Maybe he was trying to read it like print published poetry. I
suggested he try thinking of it as performance poetry. Maybe the
experience is different.
Maybe when you experience a cyberpoem it is an of-the-moment
experience, "you get what you get when you are getting it",
not something that stays around.
He goes on to refer to a piece by jason
nelson( http://www.heliozoa.com/resume/opener.html ) 'first thing I
see, words spinning 'round and 'round in a sort of waterwheel or
barrel formation (horizontal cylinder, spinning) that I hadn't seen
yet as an effect. Wow!'
But he was explaining what he "saw", but not what was felt
whilst experiencing it.
'Immediately, I don't know what it said. The impression I'm left
with is ~soley~ visual/kinetic. (The typography may have been
multicolored, too.)'
Maybe he was concentrating on the purely textual elements or signs of
meaning, to use a term introduced by Kristeva, the phenotext, the text
you can see on paper as object, rather than the genotext, the words
and all else that layers into it to create the poetic experience ie
just looking at the words in a cyberpoem without reading the
visual and aural semiotic elements that make up the whole
experience.
Jeffrey identified 'that people have said on WebArtery that they read
"differently" on-line than off . . . but I begin to wonder
if one ~can~ read on-line, "read," at least, in that perhaps
more contemplative, intake mode of reading "poetry" and
"literature" informs.'
Marcel Just at Carnegie Melon recently published a paper showing
differences in the way read text and heard text are processed by the
brain. Areas of the brain that process information immediately were
activated when words were heard. When text was read from a page the
areas of the brain that store information for later processing were
stimulated. Two seemingly different ways of processing. In
experiencing cyberpoetry(insert/net.art/new.art/web.art) where it is
experienced visually and aurally simultaneously, The experience must
be different to sitting alone with a book of poems, the act is more
performative, more participatory, appealing to a range of
stimuli(signs) and code systems(ways of interpreting signs).

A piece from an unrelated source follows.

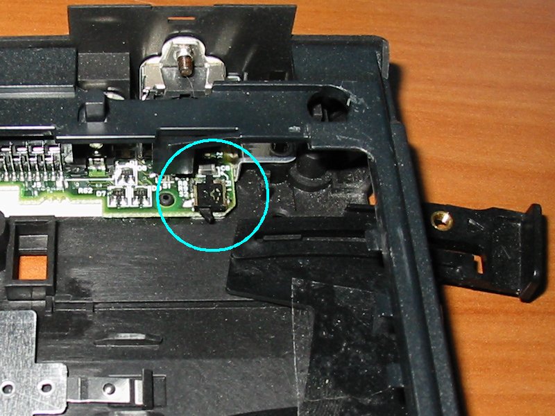 Ray is correct. This switch is mounted on the MB near the right side lower edge. Just below the TI PCMCIA controller and card cage.
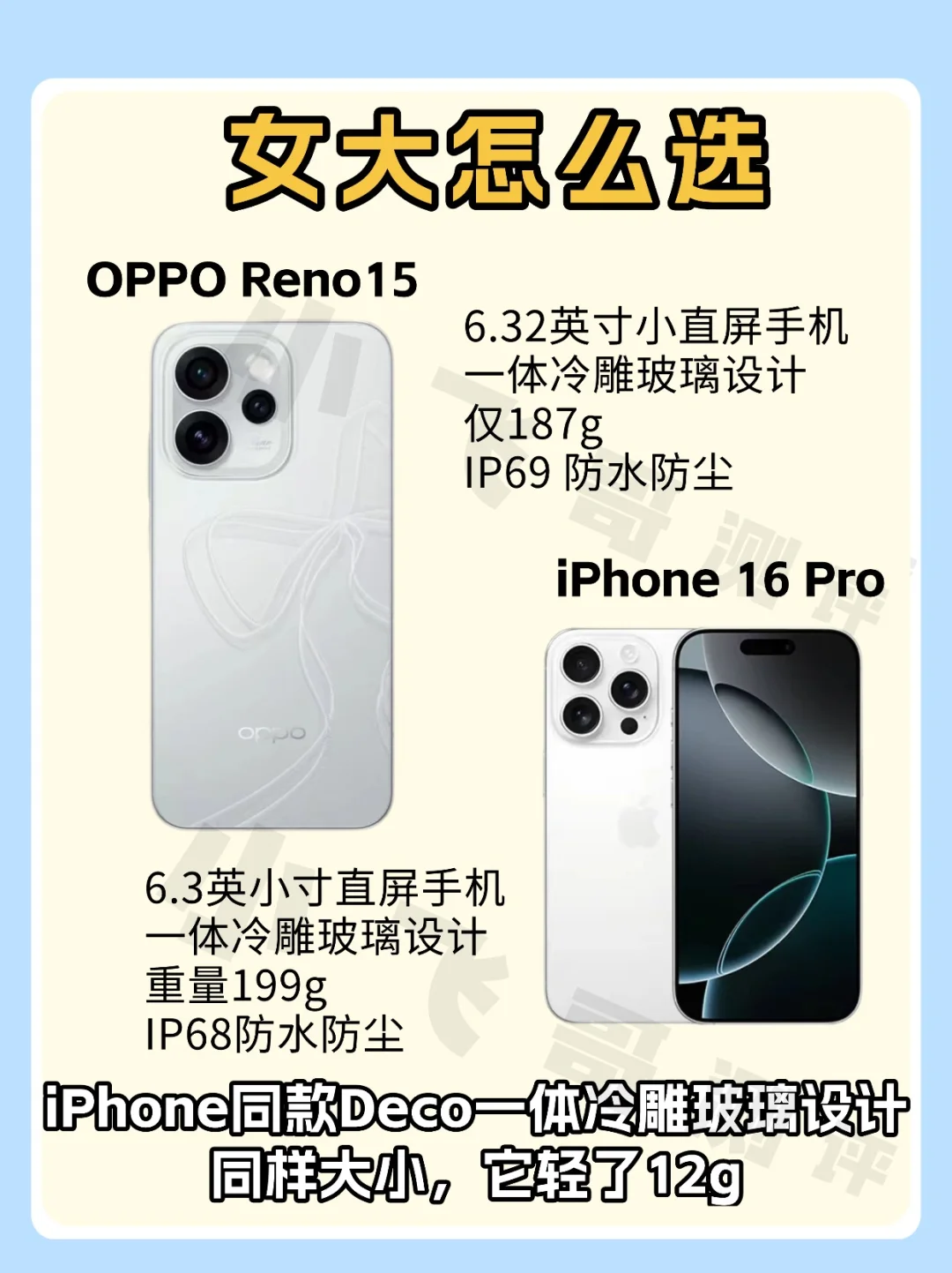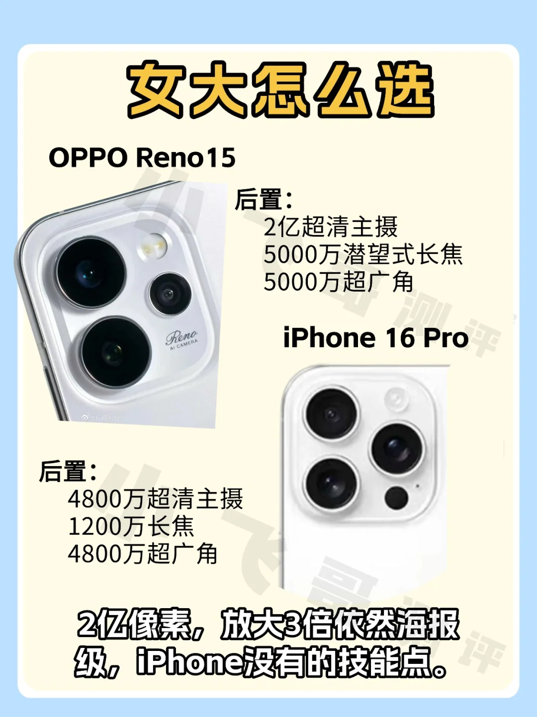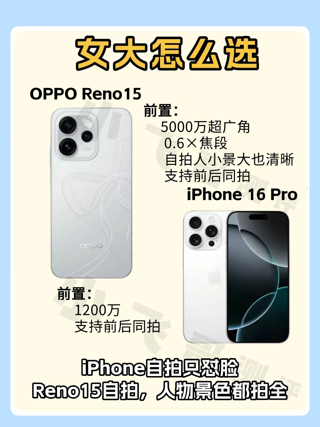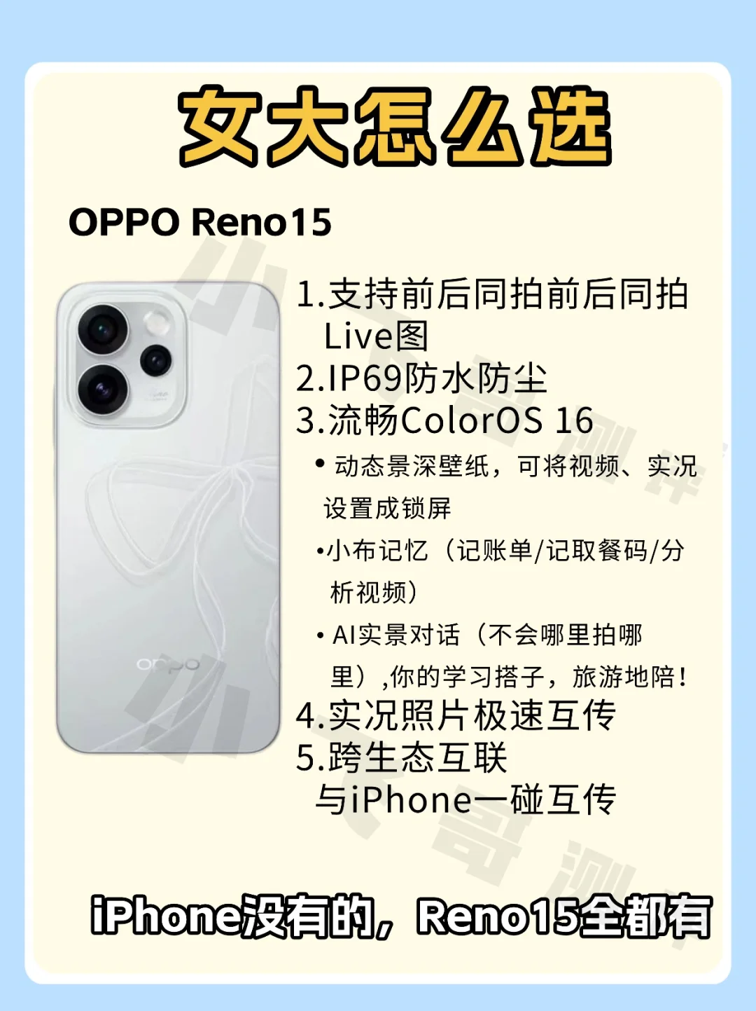 还在计划选iPhone的宝子,特别是女大学生,不如来关注这款小OPhone——OPPO Reno15 ,一定不会让你失望:

So perhaps you can't "read" poetry (and I assume this means
deep read poetry, analyse, interpret, re-read, re-interpret) the way
you read printed poetry, but perhaps it is designed for those of
us who like a "hit" out of poetry, and perhaps we scan
more cyberpoetry to find "hits" and then we move
on.
Before the printing press, to be "well-read" meant a person
could read the bible, almost to the point of reciting it. At the
beginning of last century to be "well-read" was to know a
few texts really well. To own books you had to be rich, to be well
read meant you knew a handful of books, a canon of books really
well, and books were available in libraries for most who
couldn't afford them. The paperback changed again the meaning of
"well read", which changed to mean you were up-to-date
with the current releases in your genre of interest and it would be
impossible to have read all the poetry published.
I propose that to be "well-read" in this cyberage is to surf
extensively, find poetic "hits", not necessarily remember
the content that gave you the "hit", but remembering the
pathway to finding it again if you ever need to re-visit.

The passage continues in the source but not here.